◆ **EXERCISE**: Among the entries below, one line contains "Bis jetzt hat" and another contains "Jenas brigittte modello". Transcribe those two lines and every line between them, exactly.

◆ **RECORDS FOR THE EXERCISE**:
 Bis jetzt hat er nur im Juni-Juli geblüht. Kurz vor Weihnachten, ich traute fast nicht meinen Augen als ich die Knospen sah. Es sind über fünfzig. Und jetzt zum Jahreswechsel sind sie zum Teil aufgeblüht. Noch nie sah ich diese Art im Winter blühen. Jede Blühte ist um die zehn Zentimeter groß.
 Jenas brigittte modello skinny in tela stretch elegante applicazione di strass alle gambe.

...

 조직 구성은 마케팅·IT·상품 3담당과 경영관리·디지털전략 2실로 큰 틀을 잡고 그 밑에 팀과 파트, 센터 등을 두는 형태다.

* * *

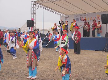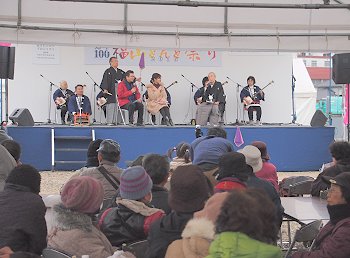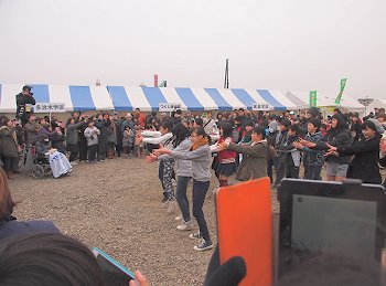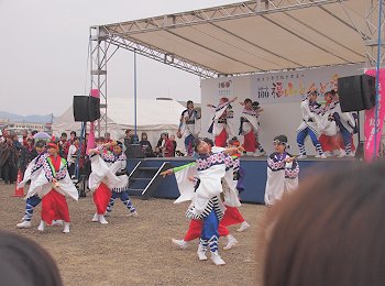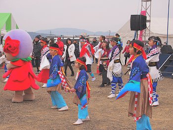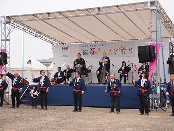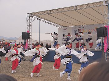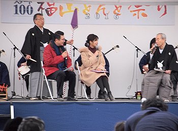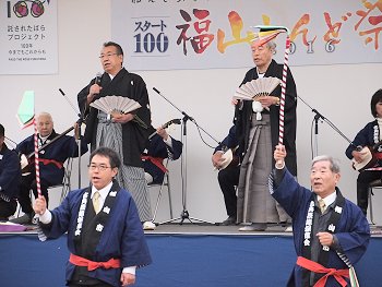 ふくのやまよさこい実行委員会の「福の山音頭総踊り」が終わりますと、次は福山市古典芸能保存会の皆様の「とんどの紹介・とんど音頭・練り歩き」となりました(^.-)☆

◆ **SOLUTION FOR THIS EXERCISE**:
 Bis jetzt hat er nur im Juni-Juli geblüht. Kurz vor Weihnachten, ich traute fast nicht meinen Augen als ich die Knospen sah. Es sind über fünfzig. Und jetzt zum Jahreswechsel sind sie zum Teil aufgeblüht. Noch nie sah ich diese Art im Winter blühen. Jede Blühte ist um die zehn Zentimeter groß.
 Jenas brigittte modello skinny in tela stretch elegante applicazione di strass alle gambe.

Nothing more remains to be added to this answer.